EXTINGUISHING KUWAIT’S BLAZING OIL WELLS
INFERNOS OF WAR
A majority of Kuwait’s 950 oil wells are now engulfed in flames. Whether the blazes were set by Saddam Hussein’s army to carry out his “scorched earth policy” or were started by allied bombing attacks on enemy troops, the priority issue for newly liberated Kuwait is to squelch those fires and to cap the damaged oil wells. According to firefighting specialists, the blazes may burn for months before all the wells are capped. Although damage to each well varies, basic steps to safely cap them include:
1. Pumps spray a wall, an estimated 5,000 gallons a minute, onto the burning well. Once the water has doused the fire, temperatures beneath the well start to drop from more than 500 degrees to below 90 degrees. The water is either drilled on-site or pumped from the Persian Gulf.
2. Flames from oil well fires can climb as high as 600 feet, but the steady curtain of water extinguishes many of them. If a well continues to burn, a team loads C-4 (a plastic explosive) or 300 to 400 pounds of dynamite in a 50-gallon drum. The drum is suspended over the fire and detonated. The explosion creates an oxygen depletion that snuffs out the flame like a candle.
3. Crew members remove damaged equipment and debris from the well with a crane. In a course of battle, some wellheads are blown apart, leaving nothing but a burning hole in the ground. If the well can be rebuilt, the team replaces the underground piping, packs off the wellhead, tops the well with an apparatus called a Christmas tree, below, and shuts off the flow of oil. If damage to the well is too severe, the crew replaces the piping and seals off the wellhead.

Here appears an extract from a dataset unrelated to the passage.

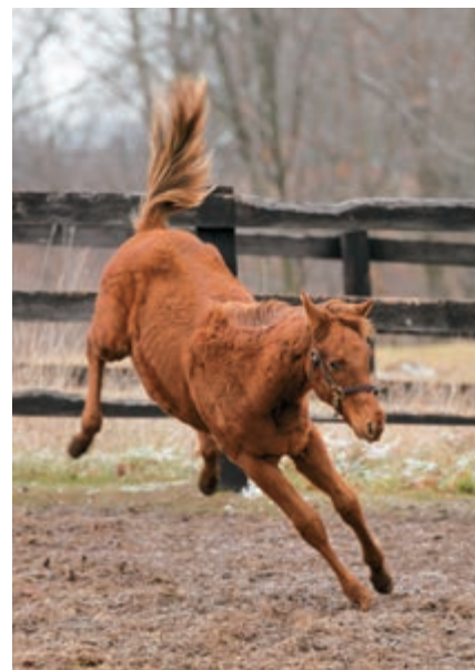
A youngster is feeling good at Shannondoe Farm

Stallion Season Auction and Associated Stakes Race details at www.ITOBA.com • 317-709-1100 • info@itoba.com

In most Kuwaiti oil fields, oil freely bubbles to the surface. Explosions in the last days of the Iraqi occupation have caused even more oil to surface and catch fire.
Oil Destruction: Kuwait is losing more than 6 million barrels of oil a day to the fires.
Oil Field Restoration Costs: Estimates to restore oil production capacity range from $50 million to $100 billion.
AMONG THE WORST FIRES
Sept. 8, 1988: A Ventura County oil well fire ignites when an electric fan apparently malfunctions, igniting vapors from two 33,600-gallon fuel storage tanks. The fire burns for six days, causing more than $5 million in losses before it is extinguished.
July 6, 1988: A North Sea oil rig, off the coast of Scotland, is engulfed in flames after a gas leak sparks a fire below the rig. The initial blowout splits the giant platform, sending flames 400 feet into the air. Firefighters work for three weeks to plug three wellheads and control fire in two others.
Oct. 23, 1986: A Gulf of Mexico oil rig blowout sends flames 600 feet into the air. Broken equipment blocking the wellhead opening creates a crosswind of flames, hindering the firefighters’ efforts. The fire burns for weeks before it is capped.
Sept. 30, 1986: An exploratory well in Campeche, Mexico, catches fire as it is being capped. The fire rages out of control for a month, burning off 25,000 barrels of oil a day before it is brought under control.